The DNA tests are a big help to people trying to track down their ancestors in Ireland, where many public records are illegible or nonexistent.
Gleeson says that many parishes in Ireland didn’t keep records to avoid persecution by the English.
“We still have the same problem with going back further than the early to mid-1800s on most Irish ancestral lines,” he said.
Complicating the process is the fact that in 1922, during the Irish Civil War, the country’s public records office in Dublin was destroyed by fire. Census records from 1821, 1831, 1841, 1851 and more were lost in the fire.
“We lost 800 years of Irish history in a matter of seconds,” Gleeson said.
Through the project, Deb Sullivan Gellerson, a volunteer genealogist at the center, was able to connect with her relative Kevin Coyne, a retired postmaster living in County Galway. Gellerson and Coyne are third cousins within the Joyce family, Gellerson’s mother’s paternal line.
Gellerson had met Coyne on previous trips to Ireland. After Coyne was “swabbed” for DNA as part of the project, Gellerson traveled to Ireland in 2014 and shared the DNA results with him.

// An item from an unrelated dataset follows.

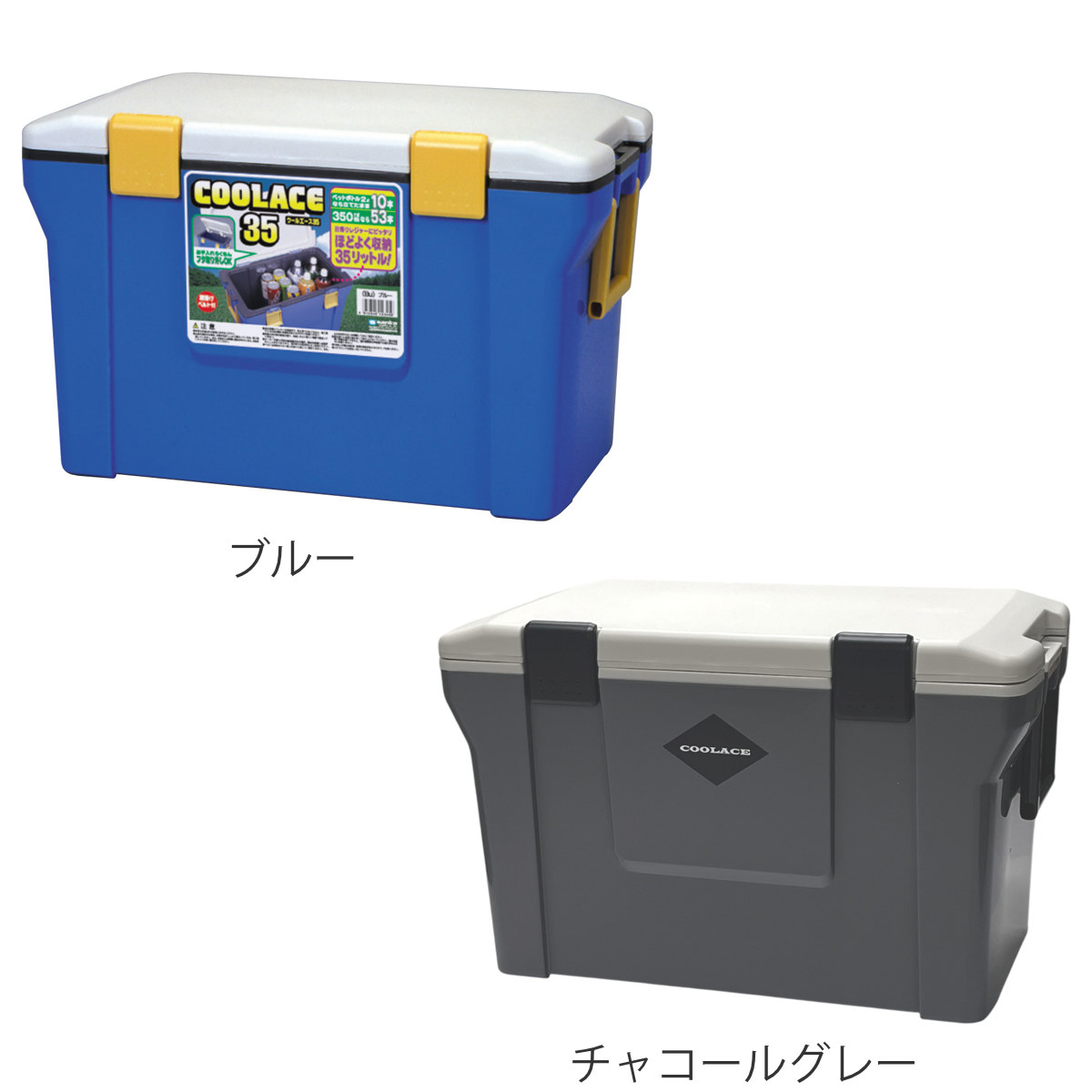 収納力の高い35Lのクーラーボックスです。2Lのペットボトルを立てて収納できます。肩掛けベルト付きで持ち運びに便利です。レジャーやスポーツ、お買い物など、あらゆるシーンで活躍します。

“He was very pleased, but he expected it,” Gellerson recalled. “For me, it just verified so much. You work so hard to find out anything you can about where your people come from. Some people are satisfied if they can’t find out exactly, but I want solid proof.”
The Maine Gaeltacht DNA Project requires members to submit genetic information through the Family Tree DNA website.
Project members can use the website’s Family Finder autosomal DNA test, which can confirm parent-child, sibling and cousin relationships through genetic matches excluding the X or Y sex chromosomes.
“The autosomal test reaches as far out as fifth cousins and as far back as five generations,” said Krista Heatley Ozyazgan, co-administrator of the Maine Gaeltacht DNA Project.
People who’ve been tested through Ancestry.com, 23andMe.com or National Geographic’s Genographic Project can transfer their results to FamilyTreeDNA.com.
The Portland Press Herald reports that male project participants can test their YDNA to determine their paternal line, and female participants can test their mtDNA to find their maternal line. All participants joining the project must submit a family pedigree delineating at least three to five generations.